We’ve been hard at work designing our AI-augmented assessment crafting engine and one of its most important capabilities will be its ability to create problems using many different problem types. Over the last few weeks in this space, we’ve examined problem types and why a particular type of problem may be used in a certain situation. Step into the workplace and you will notice something important: decisions don’t come packaged with four neat options on a bubble sheet. Employees must recall facts, solve problems, make judgments, and create solutions, often in uncertain conditions. If education and training are to prepare people for that reality, assessments must mirror the challenges that are likely to be encountered.

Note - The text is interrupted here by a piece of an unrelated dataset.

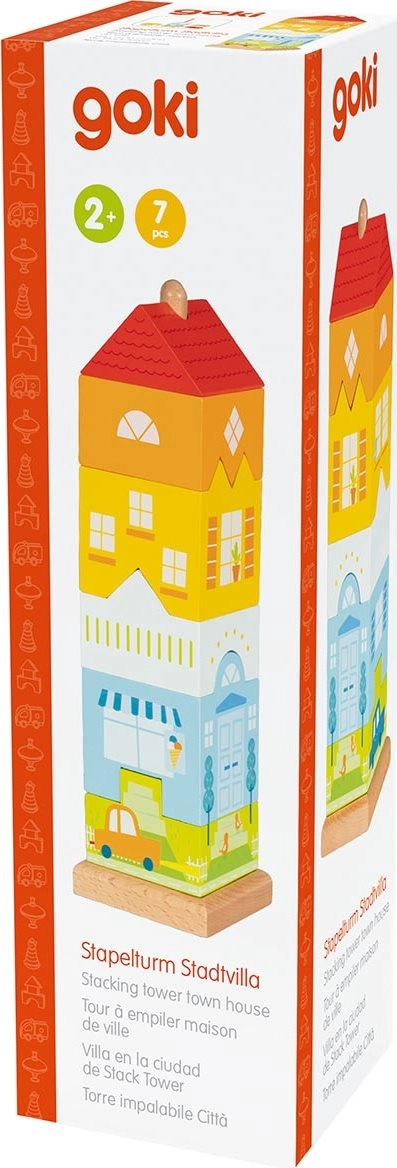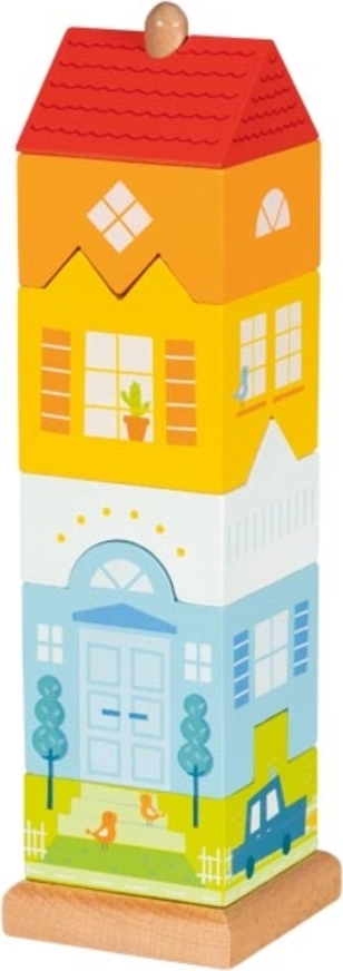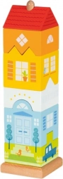 Ovdje je tipična gradska kuća. Set se sastoji od šarenih blokova, od kojih je svaki drugačiji i svaki se nastavlja na prethodni blok na pomalo drugačiji način. Ova gradska kuća sastoji se od 6 blokova i postolja. Kolac je pričvršćen na uzicu. Svaki sljedeći blok je drugi kat i drugi blok.

Traditional tests have their place, but workplace learning requires more than recall. An employee in customer service may need to remember company policies, but they also need to apply those policies in sensitive situations. An engineer must recall formulas, but the real value lies in applying those formulas to design systems and then creating solutions that have never been attempted before. These layers of performance echo the range of problem types used in education, from simple recall to higher-order tasks and executive functioning.
The problem is that adult training often stops at the first layer. Corporate learning programs often rely on multiple choice because it is quick and easy to administer and may not have experience crafting assessments using other problem types. While this method captures whether employees have memorized information, it does little to test whether they can apply knowledge in the real world. The result is a gap between training and practice, where learners may pass assessments but struggle when confronted with the messy realities of work.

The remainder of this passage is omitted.